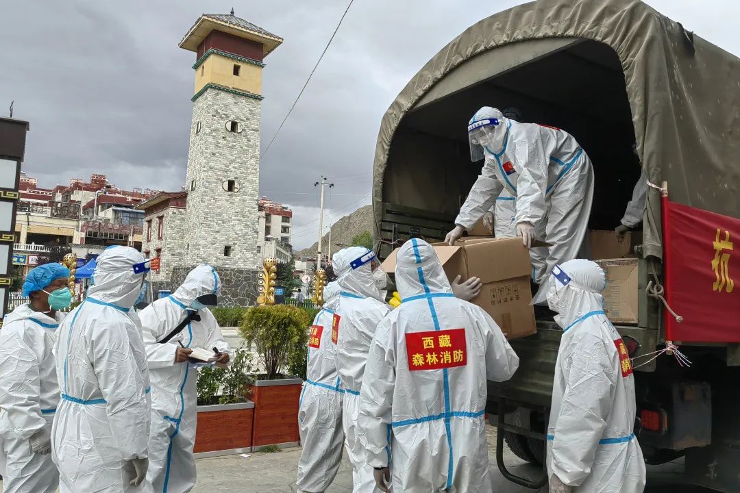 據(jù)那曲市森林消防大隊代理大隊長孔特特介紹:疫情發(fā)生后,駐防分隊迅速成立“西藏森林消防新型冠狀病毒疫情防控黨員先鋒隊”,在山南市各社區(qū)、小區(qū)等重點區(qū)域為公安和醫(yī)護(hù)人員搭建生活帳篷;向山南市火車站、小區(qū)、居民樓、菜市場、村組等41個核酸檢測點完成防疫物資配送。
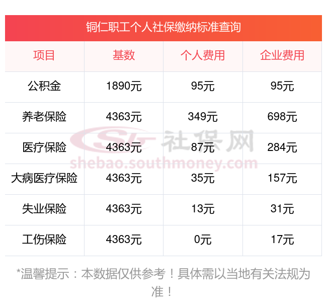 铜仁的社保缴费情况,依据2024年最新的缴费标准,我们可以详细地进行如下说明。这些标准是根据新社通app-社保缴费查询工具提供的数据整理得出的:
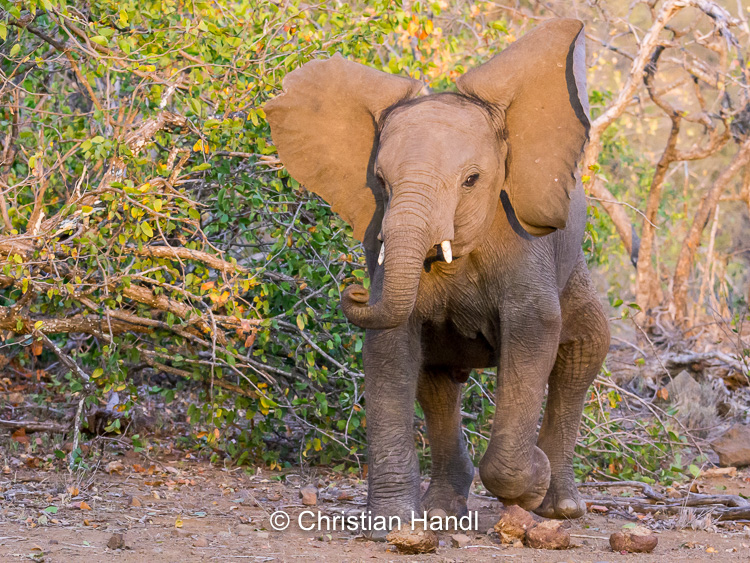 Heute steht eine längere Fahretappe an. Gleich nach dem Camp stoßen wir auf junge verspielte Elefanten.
——
_Task details_
When you repeat the lines above, keep them exact and leave out each image they contain.

_Answer box_
 據(jù)那曲市森林消防大隊代理大隊長孔特特介紹:疫情發(fā)生后,駐防分隊迅速成立“西藏森林消防新型冠狀病毒疫情防控黨員先鋒隊”,在山南市各社區(qū)、小區(qū)等重點區(qū)域為公安和醫(yī)護(hù)人員搭建生活帳篷;向山南市火車站、小區(qū)、居民樓、菜市場、村組等41個核酸檢測點完成防疫物資配送。
 铜仁的社保缴费情况,依据2024年最新的缴费标准,我们可以详细地进行如下说明。这些标准是根据新社通app-社保缴费查询工具提供的数据整理得出的:
 Heute steht eine längere Fahretappe an. Gleich nach dem Camp stoßen wir auf junge verspielte Elefanten.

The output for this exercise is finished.